=== Section Start ===
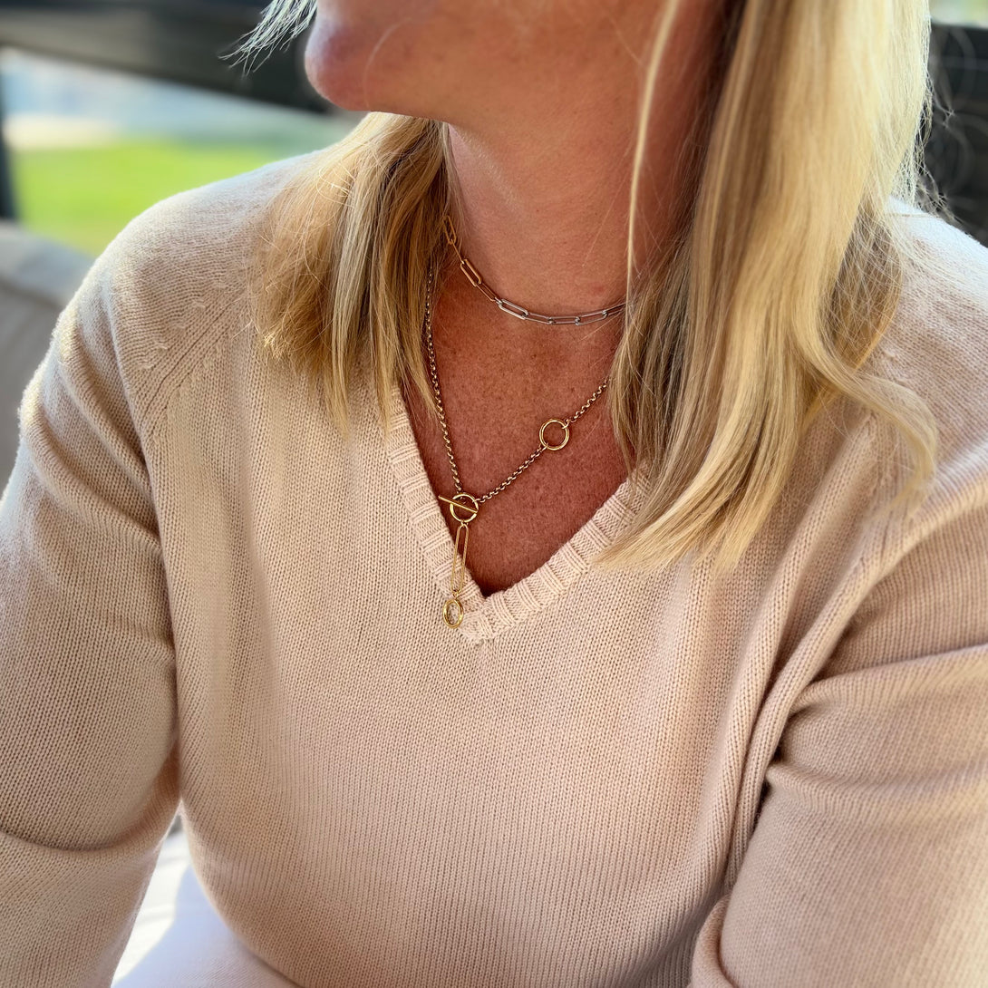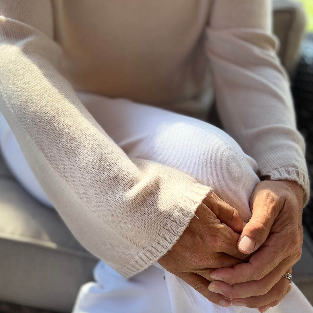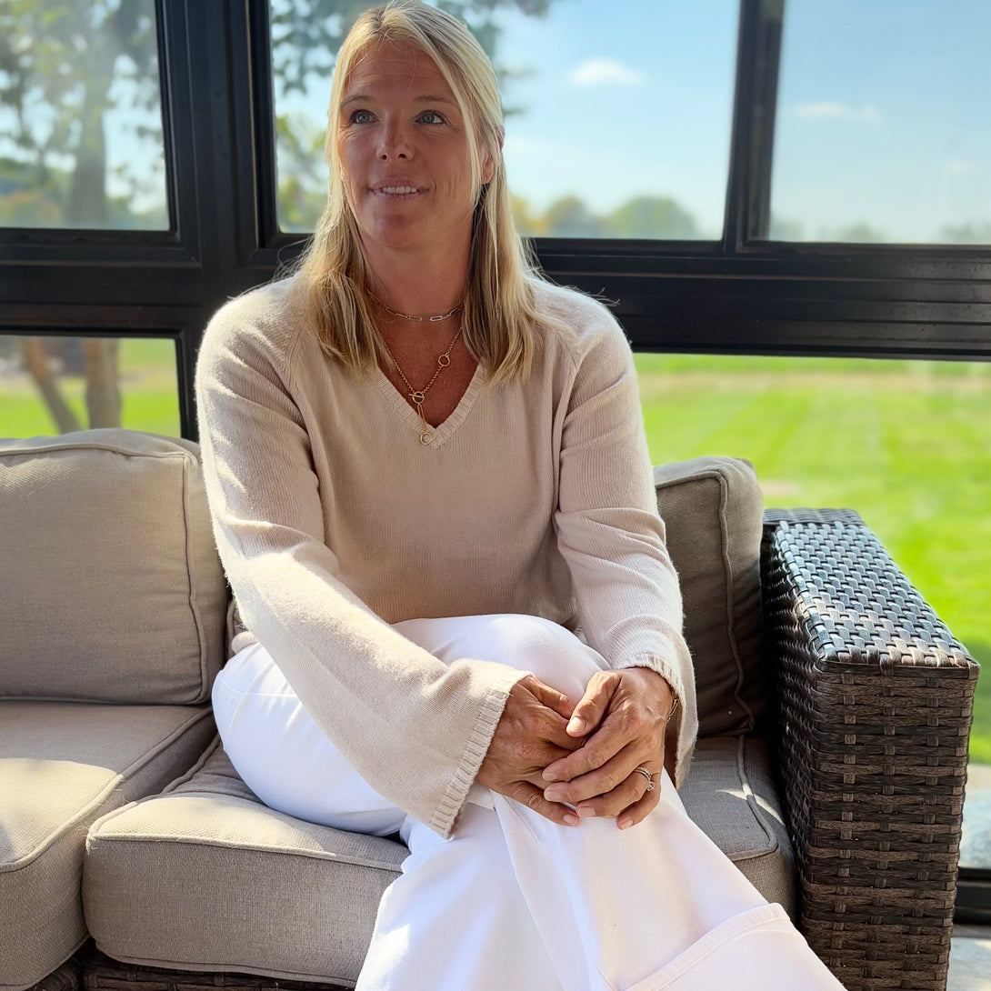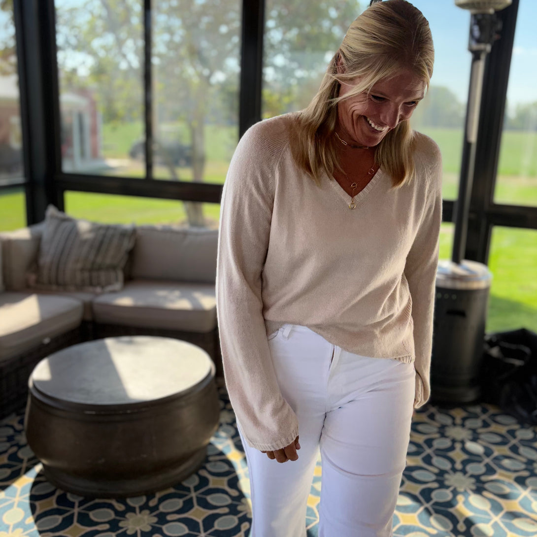 Luxuriously soft, this 100% fine merino wool v- neck sweater comes in a classic shade of oat. This loosely fitted sweater is perfect alone, layered over a collared shirt, or under a jacket. Pair her with your favorite denim for a casual, but classy, style, or with a leather skirt for an elevated appeal.
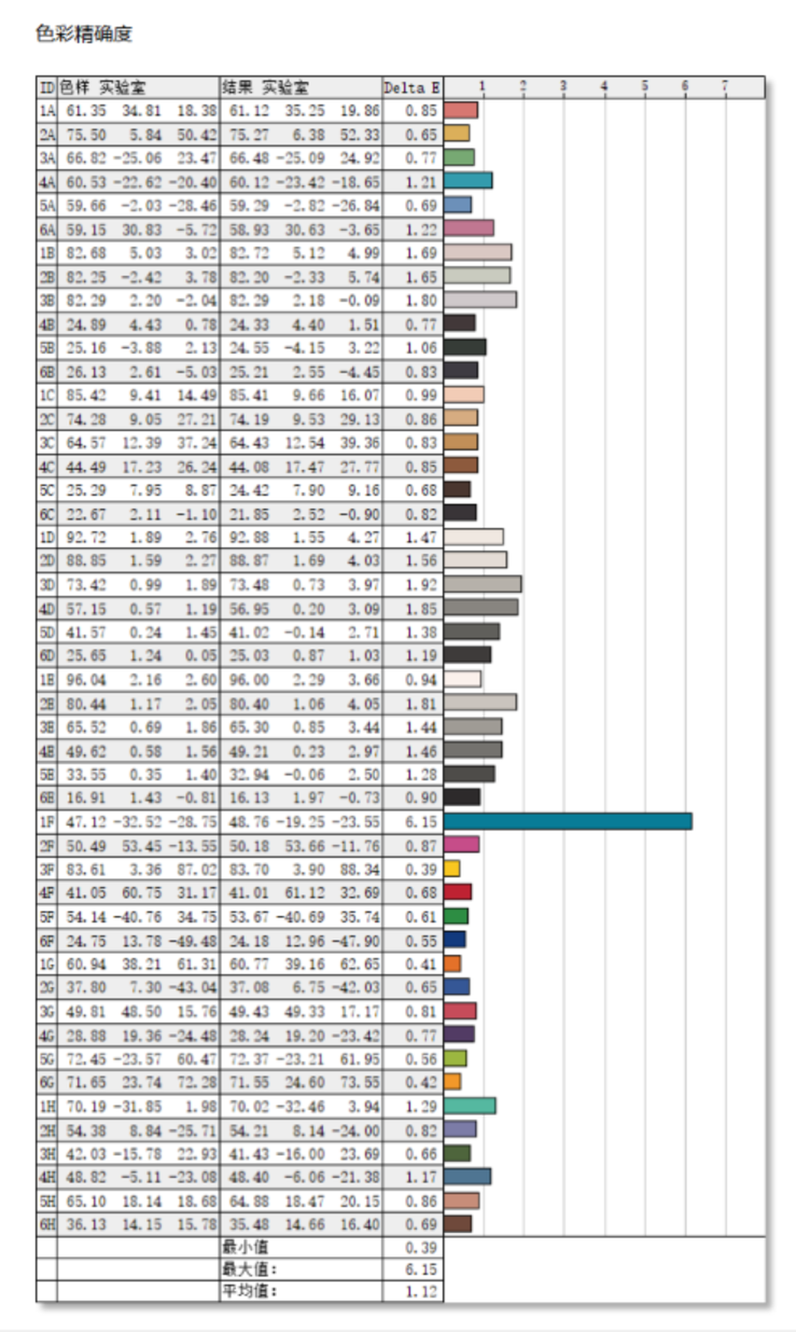 在色准方面,暗影骑士·擎6的屏幕ΔE值为1.12,除了1F的蓝色色差较大外,其余的色彩都是比较准确的,在色彩精确度上也是很不错的表现。
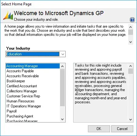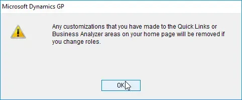Once they acknowledge that, the Welcome to Dynamics GP window comes back up and the user can re-select a role that is appropriate for them.
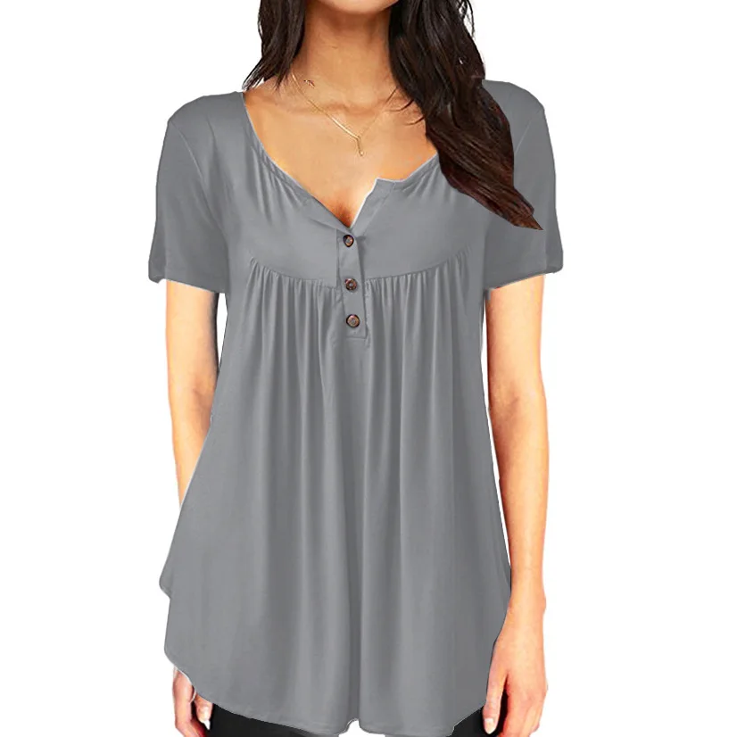 Летняя женская футболка, однотонная, с застежкой, свободная, с коро...
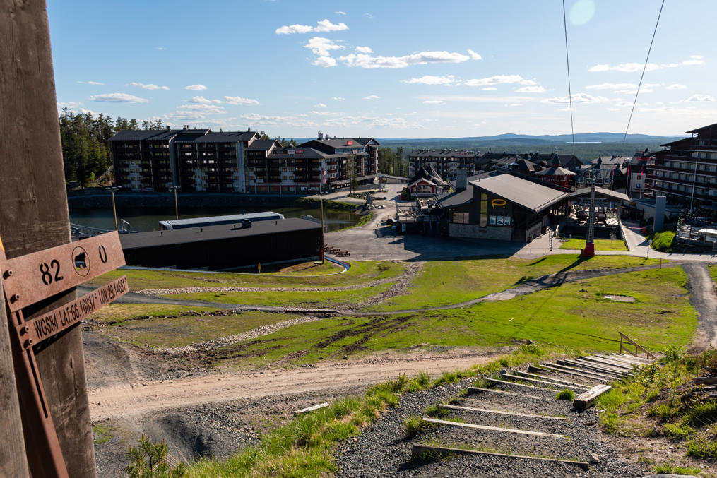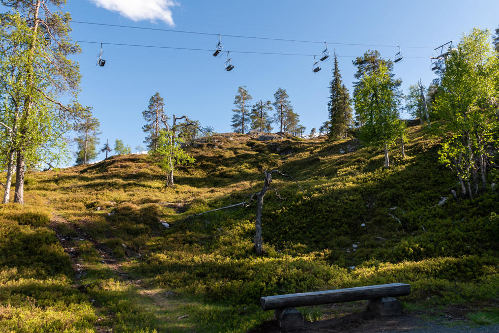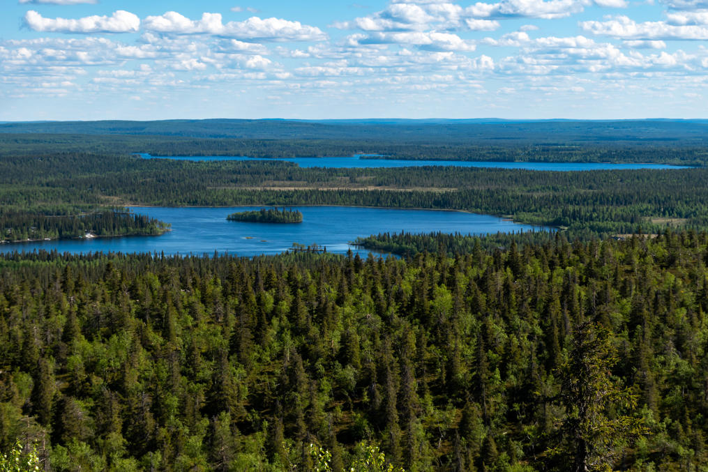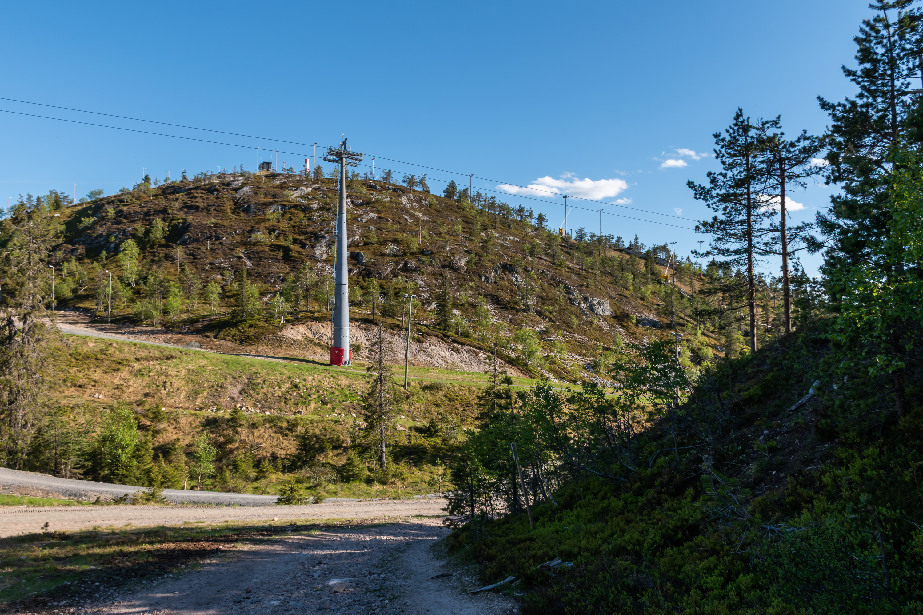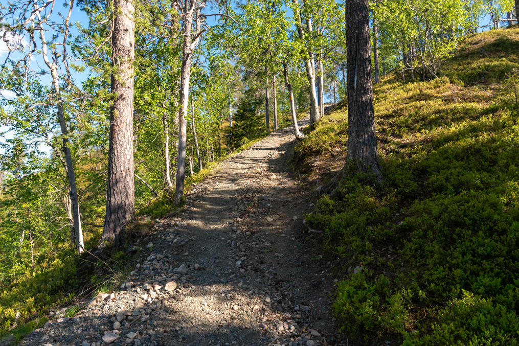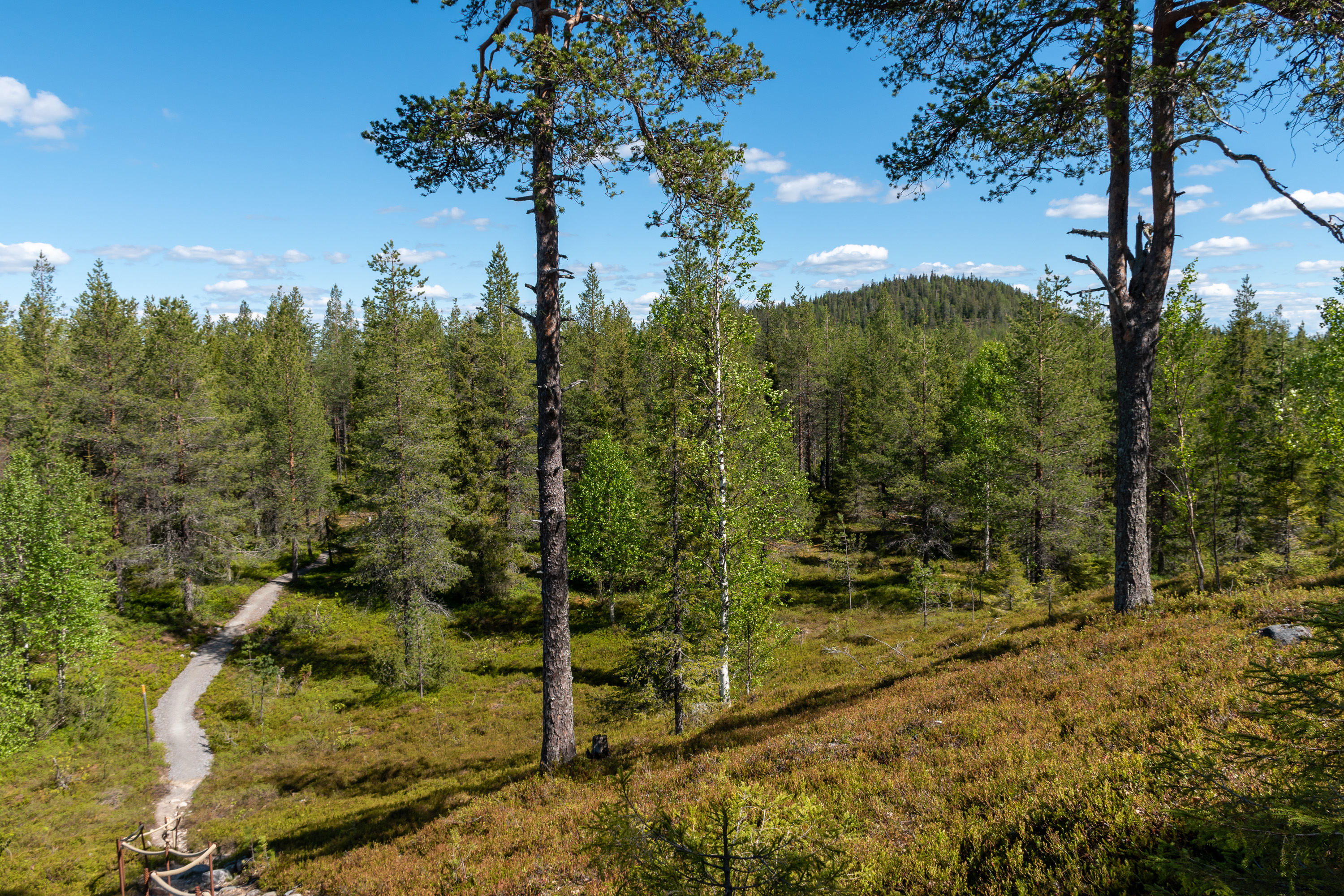 65. Вершина горы — на высоте 410 м над уровнем моря. На этой высоте лес уже начинает редеть, и виды отсюда неплохие; на юге видны следующие горы. Справа — Конттайнен, слева — Валтаваара, и на заднем плане выглядывает Рукатунтури с лыжными подъемниками.
=== Section End ===
Task requirements:
Say again, exactly, only those lines of the records that run from the start through the line with "Once they acknowledge". Pictures are to be skipped.

Expected output:
 Luxuriously soft, this 100% fine merino wool v- neck sweater comes in a classic shade of oat. This loosely fitted sweater is perfect alone, layered over a collared shirt, or under a jacket. Pair her with your favorite denim for a casual, but classy, style, or with a leather skirt for an elevated appeal.
 在色准方面,暗影骑士·擎6的屏幕ΔE值为1.12,除了1F的蓝色色差较大外,其余的色彩都是比较准确的,在色彩精确度上也是很不错的表现。
Once they acknowledge that, the Welcome to Dynamics GP window comes back up and the user can re-select a role that is appropriate for them.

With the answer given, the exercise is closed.